▶ Entries taken from a collection:
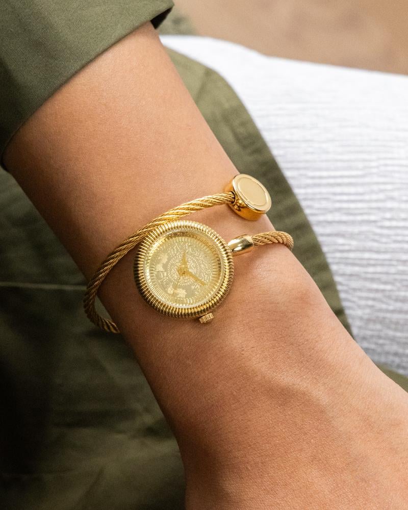 ساعة نسائية جديدة من ماركة سيكلو، ساعة نسائية بلمسات أناقة عصرية، ساعة نسائية من سيكلو بتصميم يزين لك معصمك و يحيطه بالجمال، ساعة نسائية مصنوعة لك من سيكلو بكل دقة و مثالية بسير من الستانلس ستيل حصير باللون الذهبي الباهر و مينا باللون الذهبي و إطار بشكل دائري مزين بنقوش لامعة و براقة، ساعة بتغليف مميز يصلك من سيكلو يشمل على علبة مربعة أنيقة باللون الاخضر و كيس باللون الاخضر مزين بشعار سيكلو باللون الذهبي، ساعة نسائية ستكون واحدة من ساعاتك المفضلة لارتدائها في كل وقت، ساعة مصممة لك من سيكلو لتعطيك طلة و حضور متألق و ملفت، ساعة ستجعل من إطلالتك رمزًا للجمال و ستعكس ذوقك الفريد.
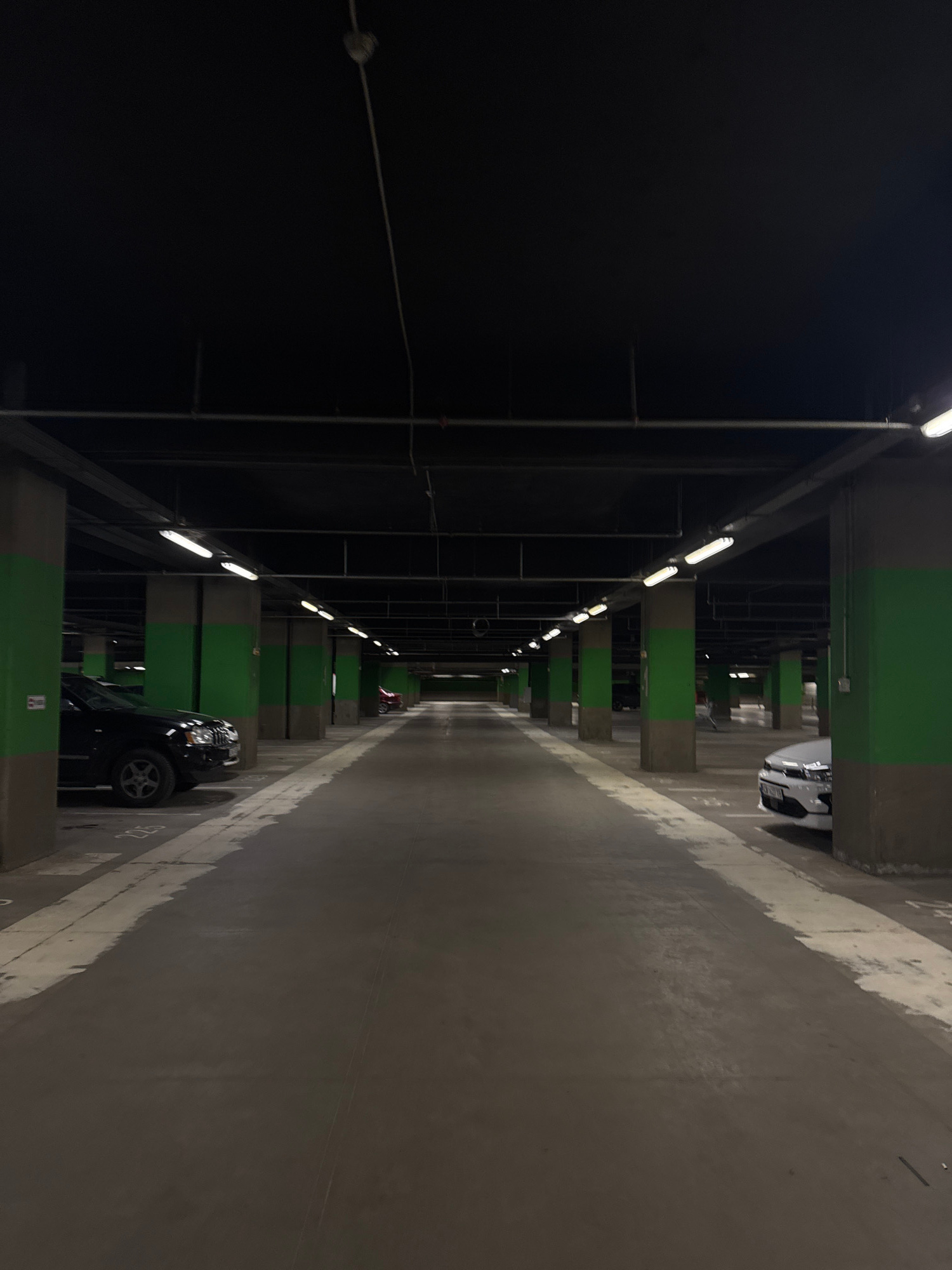 The image shows the interior of a parking garage. The walls are grey and marked with white lines indicating parking spaces. A black car is parked on the right side of the frame, partially visible. Inβ¦read more
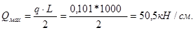 qx н = (0,182+0,054+1,112)*5.1*0,95 = 6.53 кН/м = 0,0653кН/см.
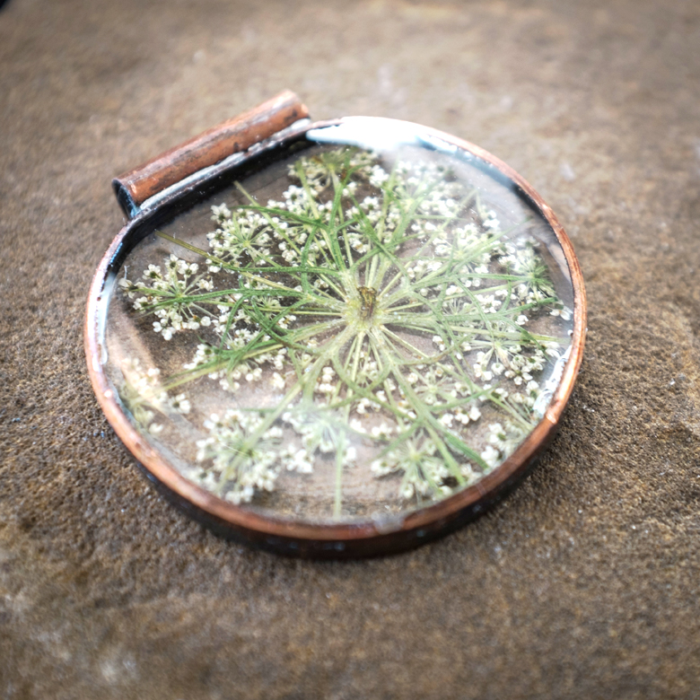 I thought I might take a break from photos of Newfoundland to show off some of my latest resin work. I harvested a lot of Queen Anne’s lace before their season was over, and kept them preserved.
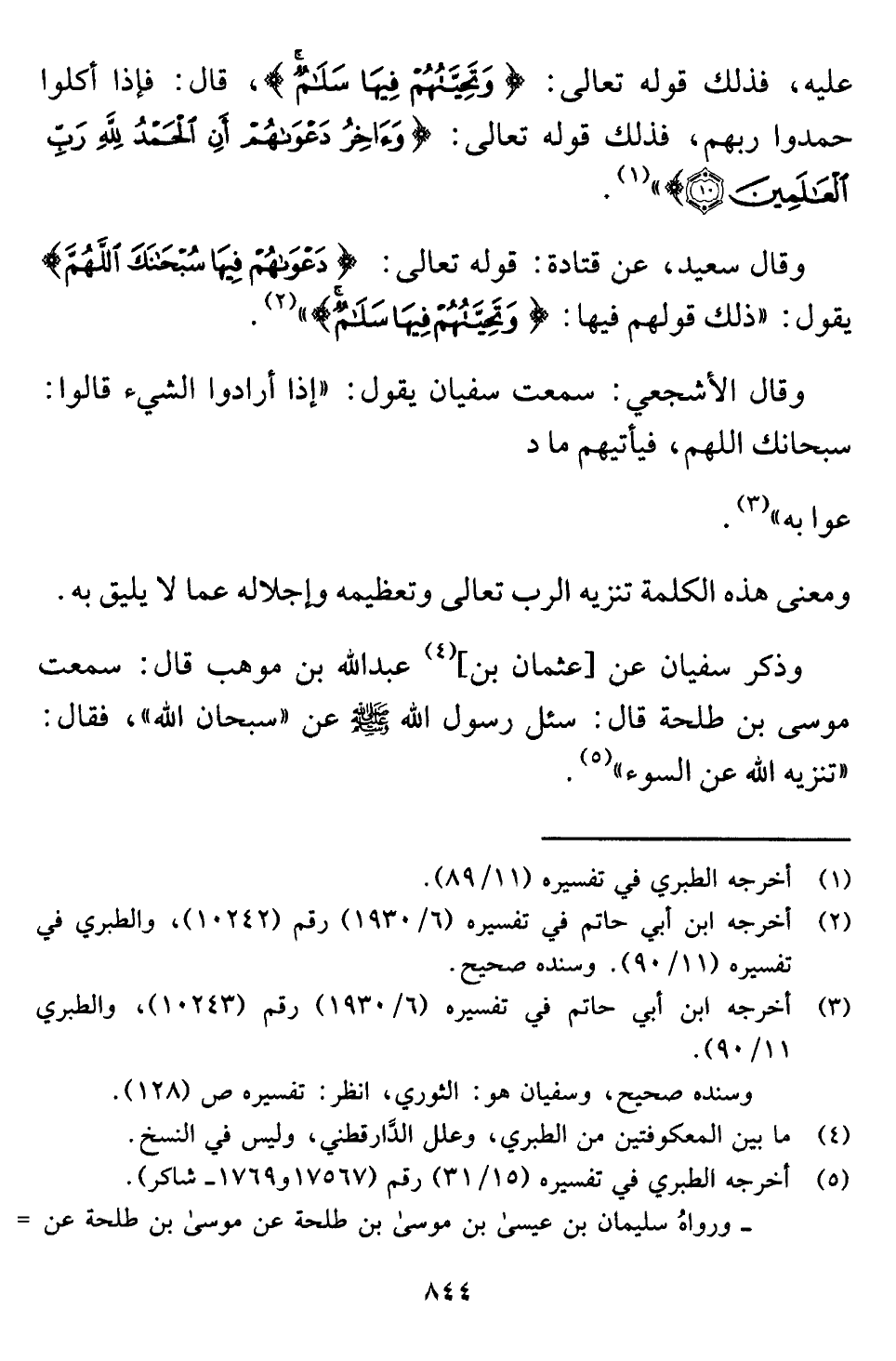 وذكر سفيان عن [عثمان بن] (¬٤) عبد اللَّه بن موهب قال: سمعت موسى بن طلحة قال: سئل رسول اللَّه -صلى اللَّه عليه وسلم- عن "سبحان اللَّه"، فقال: "تنزيه اللَّه عن السوء" (¬٥) .
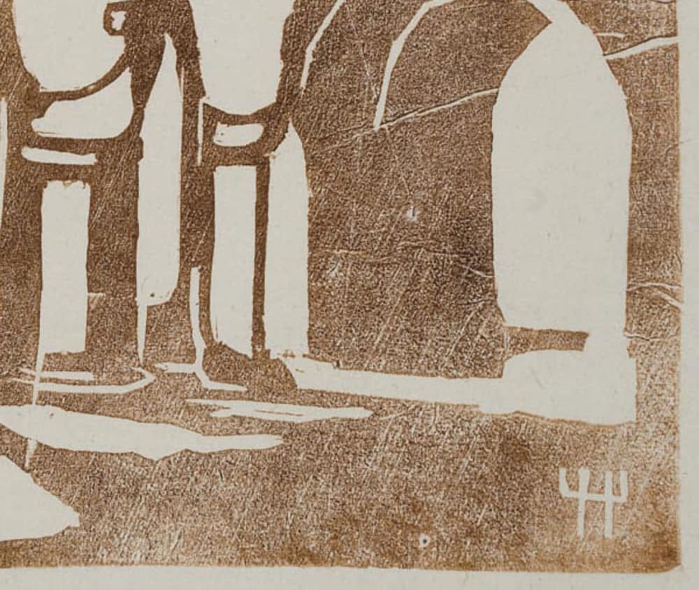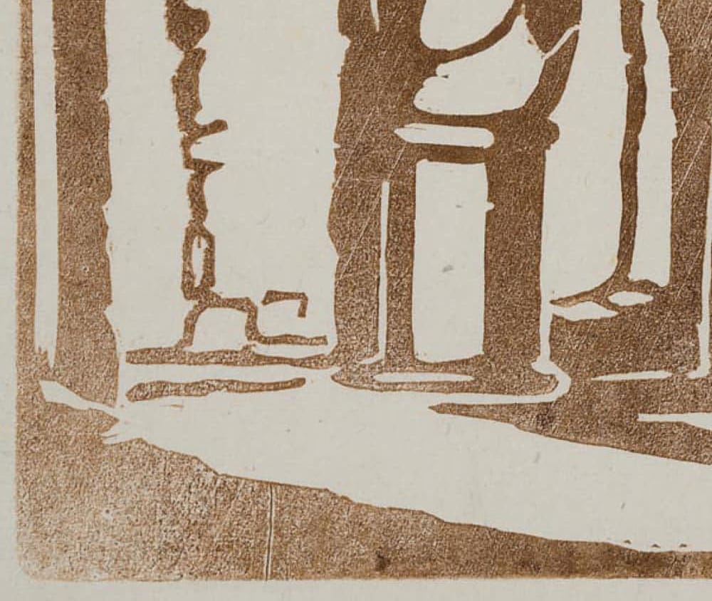 Unknown (20th century), View into a crypt, c. 1910, Linocut
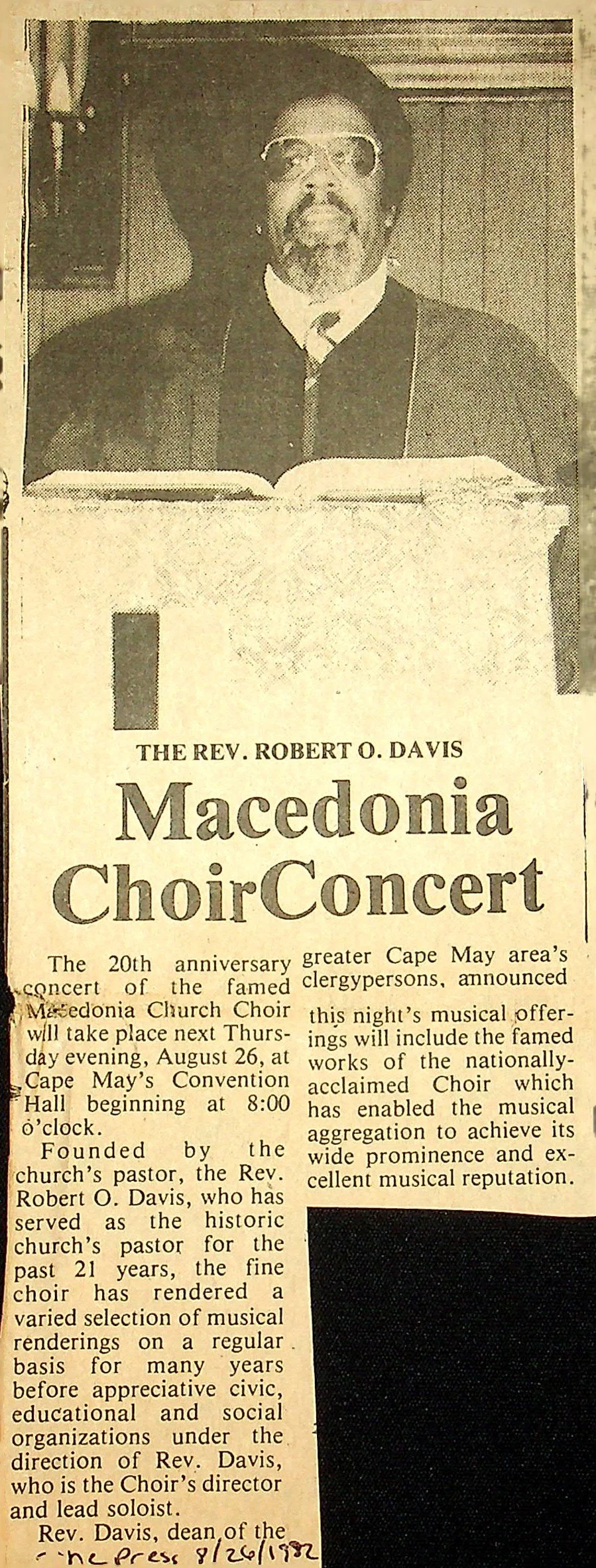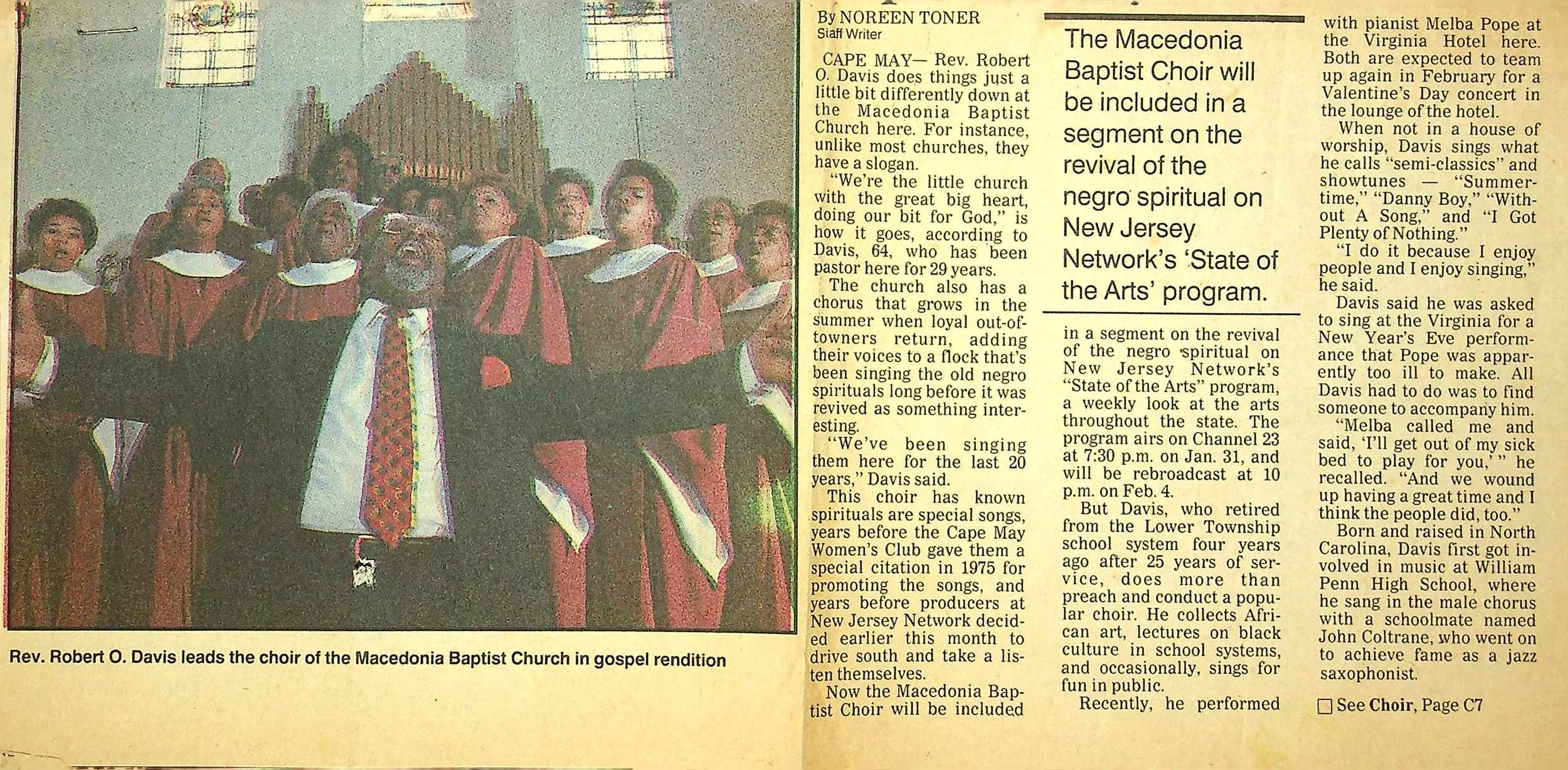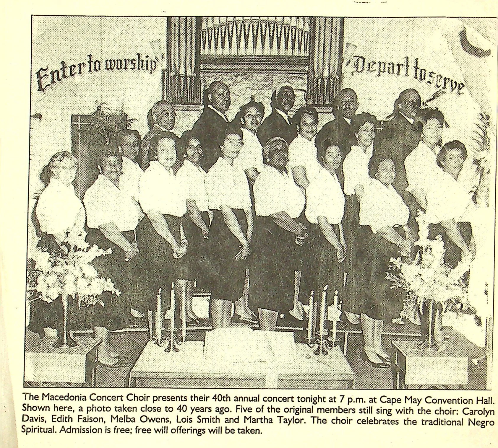 In January, 2024 the Historic Macedonia Baptist Church of Cape May received a Cape May County Division of History regrant award to research and give presentations on the three black churches and the role of the Negro Spirituals in Cape May, New Jersey.

▶ YOUR TASK:
With every picture removed, give the entries above again exactly.

▶ EXPECTED ANSWER:
 ساعة نسائية جديدة من ماركة سيكلو، ساعة نسائية بلمسات أناقة عصرية، ساعة نسائية من سيكلو بتصميم يزين لك معصمك و يحيطه بالجمال، ساعة نسائية مصنوعة لك من سيكلو بكل دقة و مثالية بسير من الستانلس ستيل حصير باللون الذهبي الباهر و مينا باللون الذهبي و إطار بشكل دائري مزين بنقوش لامعة و براقة، ساعة بتغليف مميز يصلك من سيكلو يشمل على علبة مربعة أنيقة باللون الاخضر و كيس باللون الاخضر مزين بشعار سيكلو باللون الذهبي، ساعة نسائية ستكون واحدة من ساعاتك المفضلة لارتدائها في كل وقت، ساعة مصممة لك من سيكلو لتعطيك طلة و حضور متألق و ملفت، ساعة ستجعل من إطلالتك رمزًا للجمال و ستعكس ذوقك الفريد.
 The image shows the interior of a parking garage. The walls are grey and marked with white lines indicating parking spaces. A black car is parked on the right side of the frame, partially visible. Inβ¦read more
 qx н = (0,182+0,054+1,112)*5.1*0,95 = 6.53 кН/м = 0,0653кН/см.
 I thought I might take a break from photos of Newfoundland to show off some of my latest resin work. I harvested a lot of Queen Anne’s lace before their season was over, and kept them preserved.
 وذكر سفيان عن [عثمان بن] (¬٤) عبد اللَّه بن موهب قال: سمعت موسى بن طلحة قال: سئل رسول اللَّه -صلى اللَّه عليه وسلم- عن "سبحان اللَّه"، فقال: "تنزيه اللَّه عن السوء" (¬٥) .
 Unknown (20th century), View into a crypt, c. 1910, Linocut
 In January, 2024 the Historic Macedonia Baptist Church of Cape May received a Cape May County Division of History regrant award to research and give presentations on the three black churches and the role of the Negro Spirituals in Cape May, New Jersey.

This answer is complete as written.